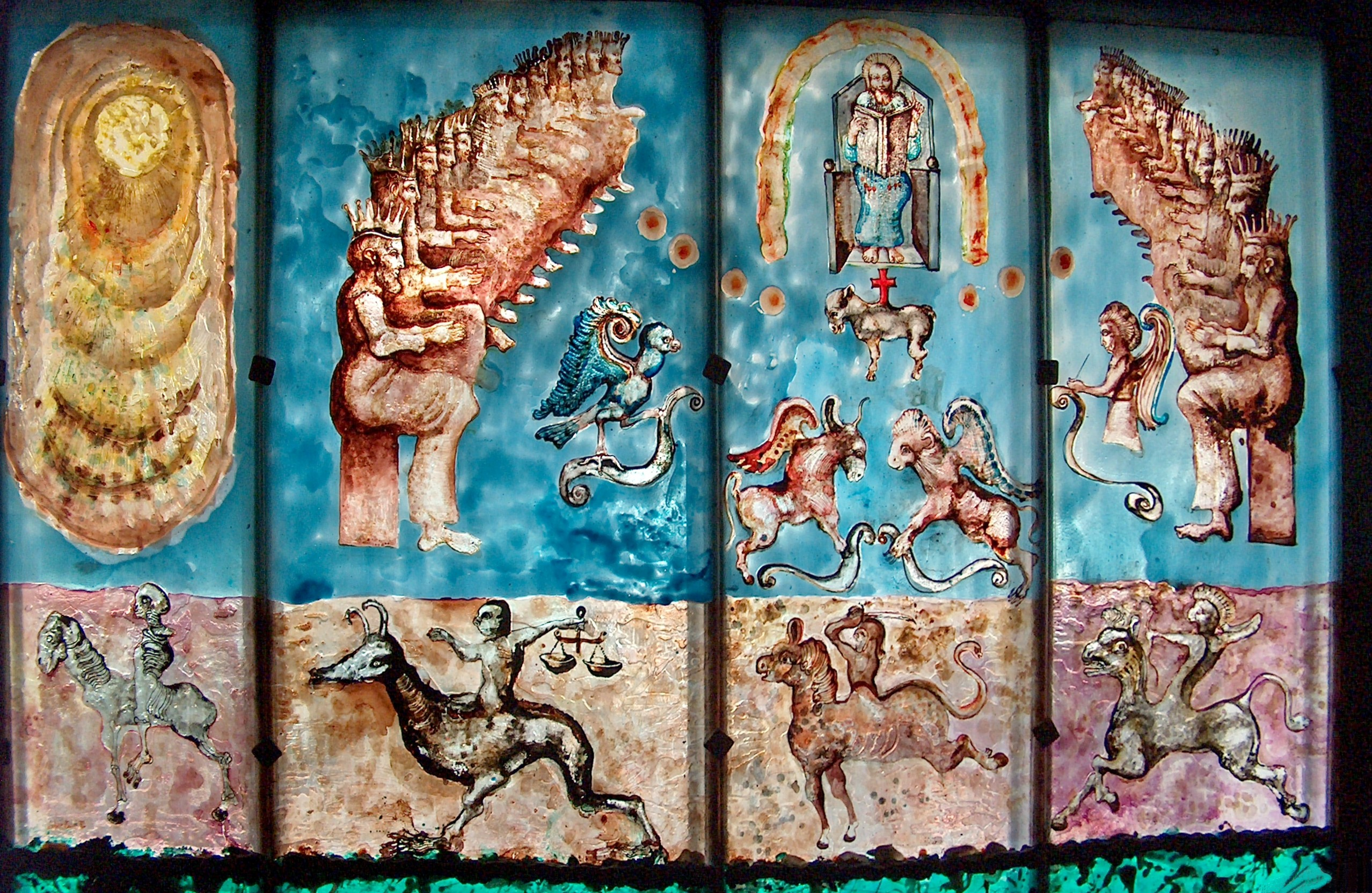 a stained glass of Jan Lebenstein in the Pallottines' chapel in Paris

---

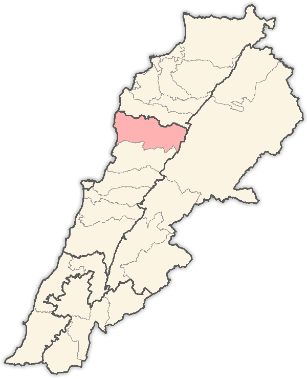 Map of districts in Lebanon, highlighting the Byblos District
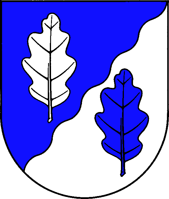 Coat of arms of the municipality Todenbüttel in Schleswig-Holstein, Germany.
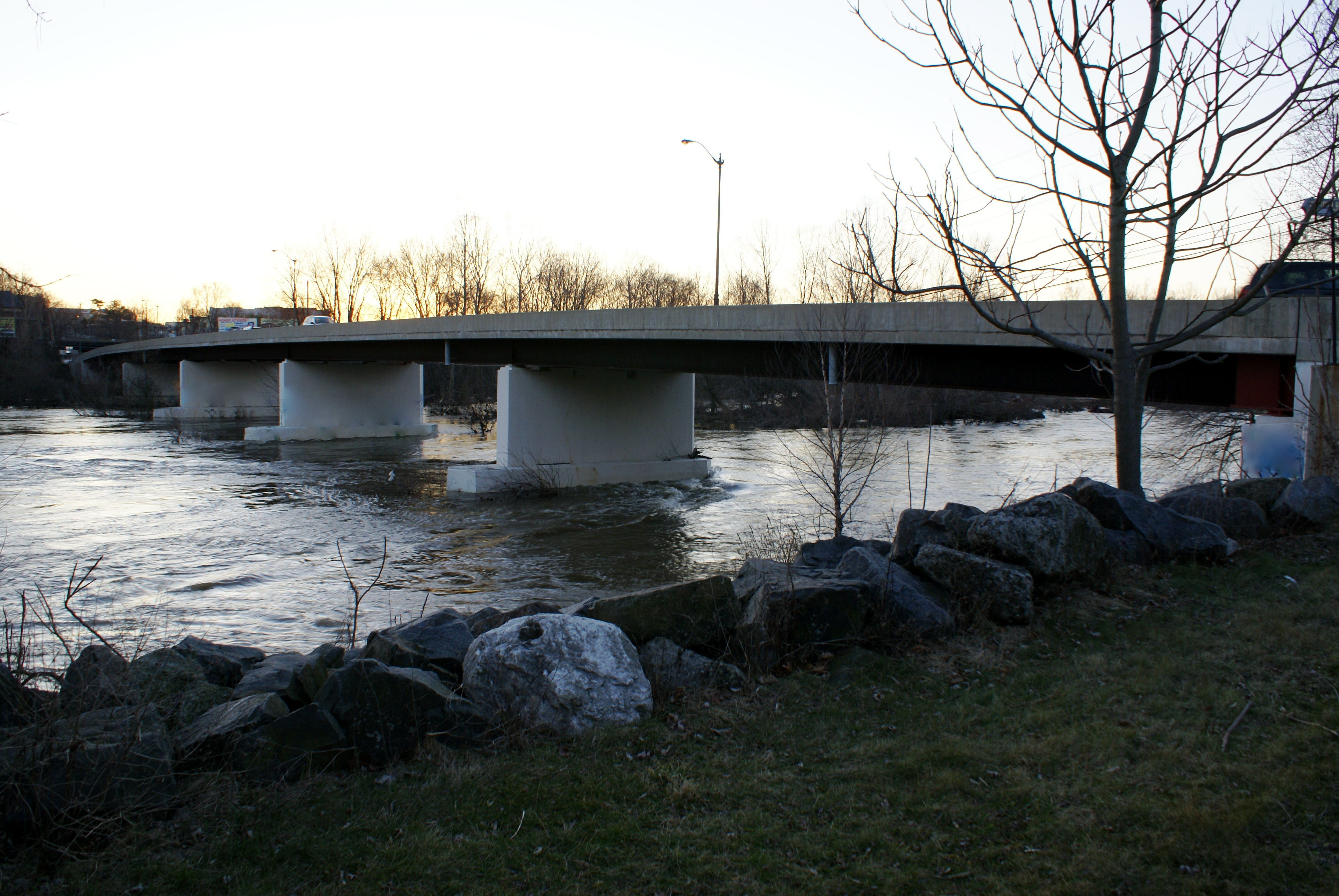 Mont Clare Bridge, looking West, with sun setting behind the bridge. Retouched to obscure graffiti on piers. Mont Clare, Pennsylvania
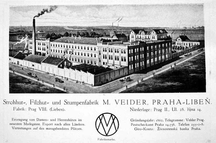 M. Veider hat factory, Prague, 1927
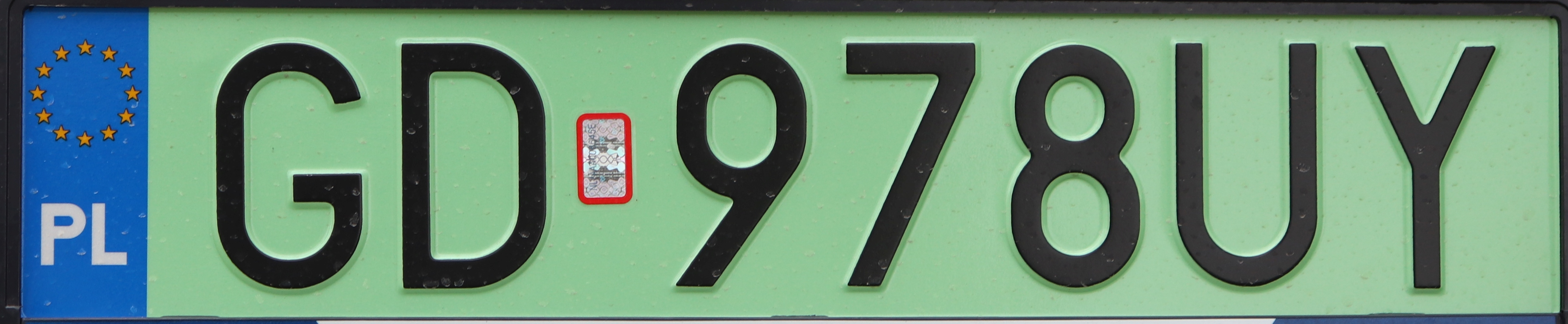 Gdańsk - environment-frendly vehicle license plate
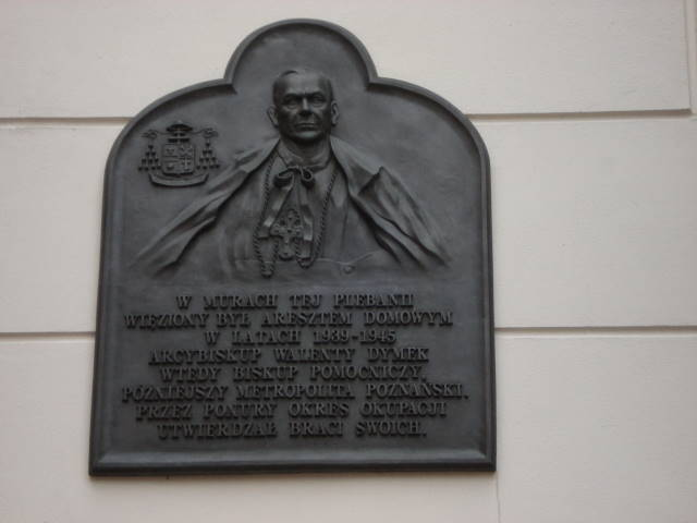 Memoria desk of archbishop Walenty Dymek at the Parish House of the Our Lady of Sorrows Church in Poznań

* * *

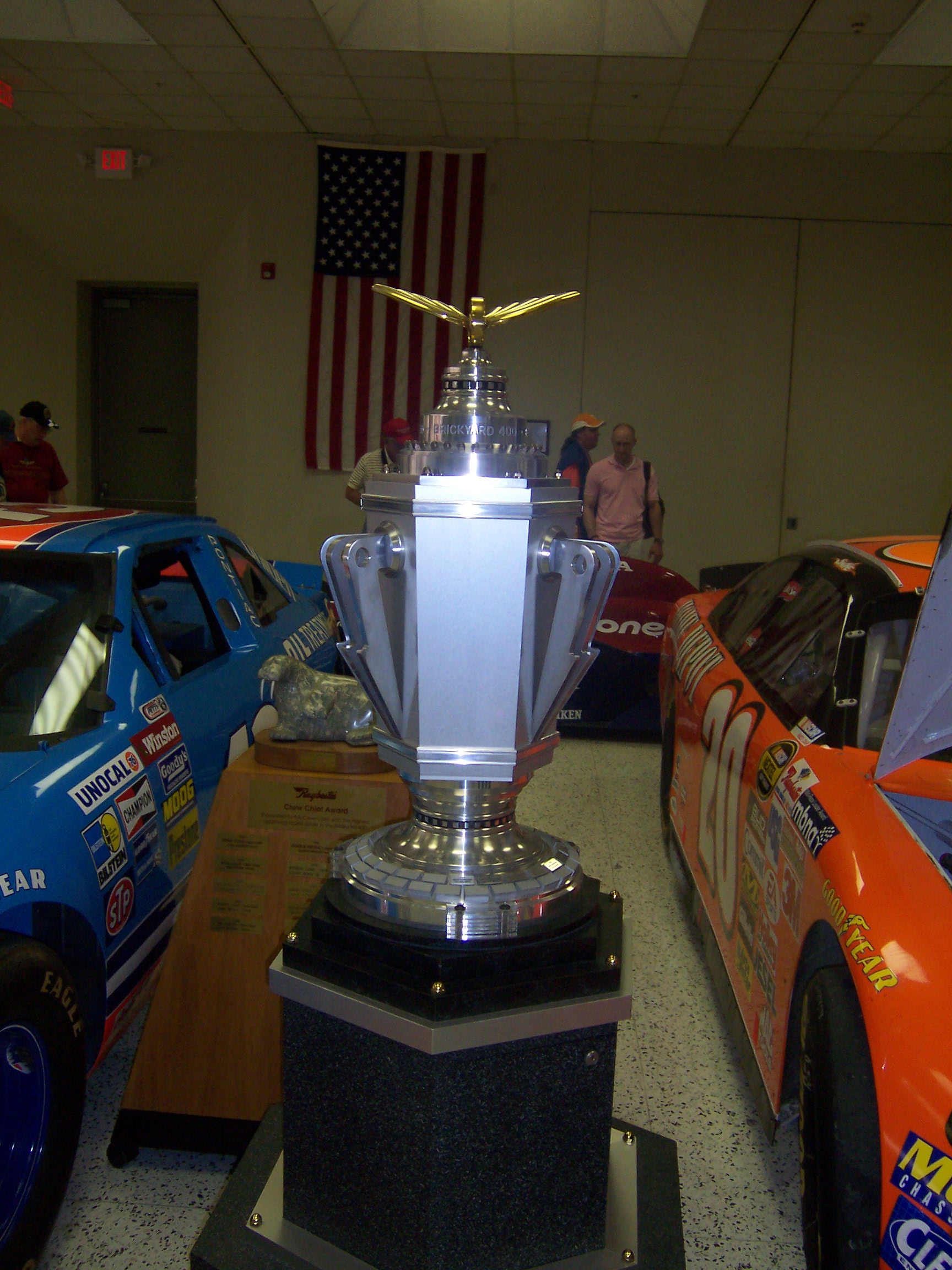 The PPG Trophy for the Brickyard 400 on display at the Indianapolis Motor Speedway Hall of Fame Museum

● WHAT YOU WILL DO: Everything above from the line containing "Mont Clare Bridge, looking" through the line containing "Memoria desk of" must be repeated exactly, and the pictures must be left out.

● ANSWER TO THIS TASK:
 Mont Clare Bridge, looking West, with sun setting behind the bridge. Retouched to obscure graffiti on piers. Mont Clare, Pennsylvania
 M. Veider hat factory, Prague, 1927
 Gdańsk - environment-frendly vehicle license plate
 Memoria desk of archbishop Walenty Dymek at the Parish House of the Our Lady of Sorrows Church in Poznań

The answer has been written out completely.